Dr. Laubenbacher received his Ph.D. in mathematics from Northwestern University in 1985. He has been a Professor at the Virginia Bioinformatics Institute and a Professor in the Department of Mathematics at Virginia Tech since 2001. He is also an Adjunct Professor in the Department of Cancer Biology at Wake Forest University in Winston-Salem (NC) and Affiliate Faculty in the Virginia Tech Wake Forest University School of Biomedical Engineering and Sciences. Prior to these appointments Dr. Laubenbacher was Professor of Mathematics at New Mexico State University. He has served as Visiting Faculty at Los Alamos National Laboratories, was a member of the Mathematical Science Research Institute at Berkeley in 1998, and was a Visiting Associate Professor at Cornell University in 1990 and 1993. Current interests in Dr. Laubenbacher's research group include the development of mathematical algorithms and their application to problems in systems biology, in particular the modeling and simulation of molecular networks. An application area of particular interest is cancer systems biology, especially the role of iron metabolism in breast cancer. For more information see his research group's website http://admg.vbi.vt.edu/
1. Cancer systems biology: Our understanding of cancer has been aided by a network centric view. The fundamental relevance of systems biology to the understanding and treatment of cancer is the insight that genes and proteins do not act in isolation, but rather as nodes in complex interactive networks that include multiple feedback mechanisms and redundancies. The design of effective drugs to battle cancer will depend on the understanding of these networks and of the specific network alterations present in an individual tumor. And an understanding of characteristic changes in metabolic networks can lead to new prognostic and diagnostic methods. The complexity of these dynamic networks makes it difficult or impossible to study them without the aid of computer models based on mathematical analysis. This talk will discuss systems biology and mathematical models as an approach to cancer biology by way of two case studies.

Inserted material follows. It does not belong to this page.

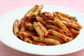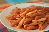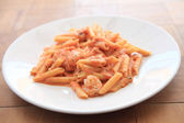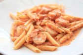 makaron penne z sosem pomidorowym wódki i krewetki
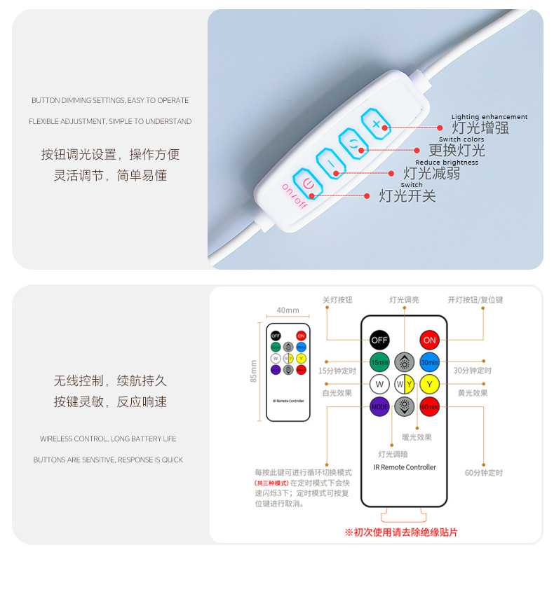 5V USB (colorido) control remoto atenuación rápida y lenta

2. Algebraic models in systems biology: The long-term goal of molecular systems biology is to understand how the physiology of organisms arises through the dynamic interaction of the molecular constituents of life. Understanding the molecular networks formed in this way is an essential step toward solving many central problems related to human health, sustainable energy, a sustainable food supply, and a healthy environment. Mathematical and statistical models of the networks involved are an essential enabling technology for reaching this goal. This talk will provide some examples of the role mathematics plays in systems biology and will discuss some recent applications of algebraic geometry to this field. No background in mathematical biology is required, and the talk will be accessible to undergraduates and students and faculty from the life sciences.